Applied Statistics - From data to results (Fall 2009)

General information:
Teacher: Troels C. Petersen (NBI High Energy Physics (HEP)) (petersennbi.dk).
When: Monday 8-12, Tuesday 13-17, and Friday 8-12 (Week Group B).
Where: Monday Aud A + Cc3, Tuesday Aud M + D315, and Friday Aud M + Cc3, but...
Period: Blok 1 (31st of August - 23th of October 2009), 8 weeks.
Evaluation: Problem solving during class (25%), Project (25%), Take-home exam (50%).
Exam: Take-home (24 hour) exam given Thursday the 29th of October 2009.
Censur: Internal evaluation (following the Danish 7-step scale)
Credits: 7.5 ECTS (i.e. 1/8 academic years work).
Level: Intended for students at 3rd - 5th year of studies (but everybody are welcome!).
Prerequisites: Simple mathematics and basic programming (any language).
Programs used: Simple C++ and the CERN software ROOT.
Text book: Statistical Data Analysis by Glen Cowan.
Literature: Data Reduction and Error Analysis, Philip R. Bevington.
Pensum/Curriculum: Chapters 1-7 and chapter 9 in G. Cowan's "Statistical Data Analysis" (about 86 pages).
Outline: Graduate statistics course giving an advanced introduction to data analysis.
Course format: Shorter lectures followed by computer exercises and discussion.
Key words: PDF, Uncertainties, Correlation, Chi-Square, Likelihood, Fitting, Monte Carlo.
Language: Preferably Danish (English if requested).

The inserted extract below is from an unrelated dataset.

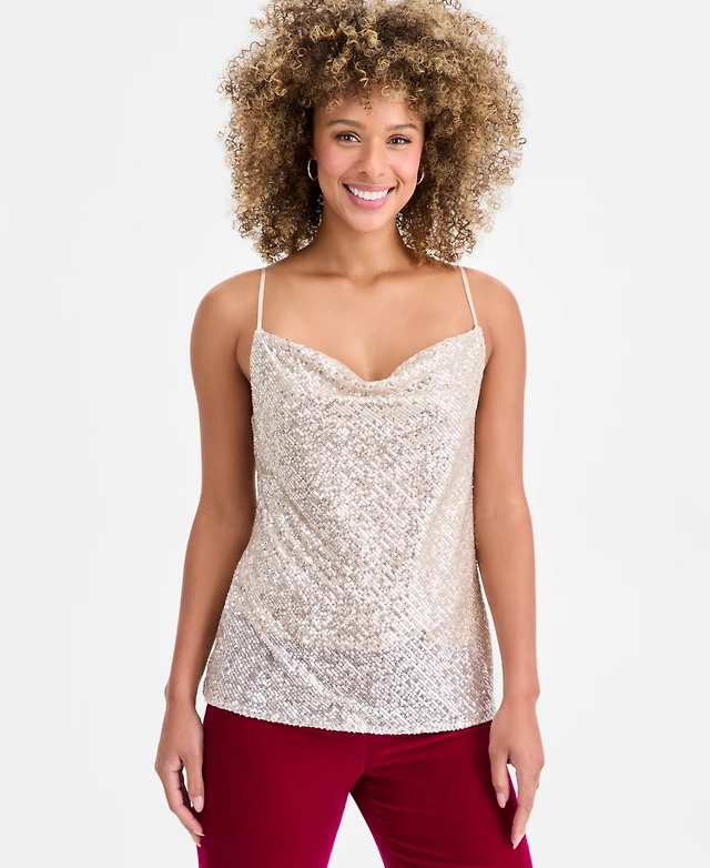 Tahari Asl Women's Sequinned Cowl-Neck Top

Final Exam Set (in Danish), and Final Exam Set (in English).
Questionnaire about the course.






Course format:
The course will generally consist of short lectures followed by a computer problem solving session with program examples, which illustrates some of the points made in the lectures. They are either C++ programs (using ROOT routines) or ROOT macros (technicalities on setting up and running these programs), a description of which can be found in the folloing pages:
  • Week 1.
  • Week 2.


    Notes:
    In addition to the text book and other litterature, some notes will be used during the course:
  • PDG notes on Probability.
  • PDG notes on Statistics.
  • PDG notes on Monte Carlo Techniques.
  • Questionnaire before course and Quiz.
  • Questionnaire after course.
  • Quick Introduction to Linux, Emacs, C++, and ROOT.
  • The Data Analysis Brief Book.
  • Statistics resources.
  • Fisher's Exact Test on tea drinking lady.
  • Barnard's Exact Test compared to Fisher's.
  • .


    Problem sets, projects, and exam set:
    During the course there will be problem sets to be solved, projects to be carried out, and a final take-home exam to be handed in, all of which can be found below:
  • Problem Set 1 (in Danish), and Problem Set 1 (in English).
  • Problem Set 2 (in Danish), and Problem Set 2 (in English).
               Associated data sets on Tibetan skulls and Leader lifespans.
  • Exam Set (in Danish), and Exam Set (in English).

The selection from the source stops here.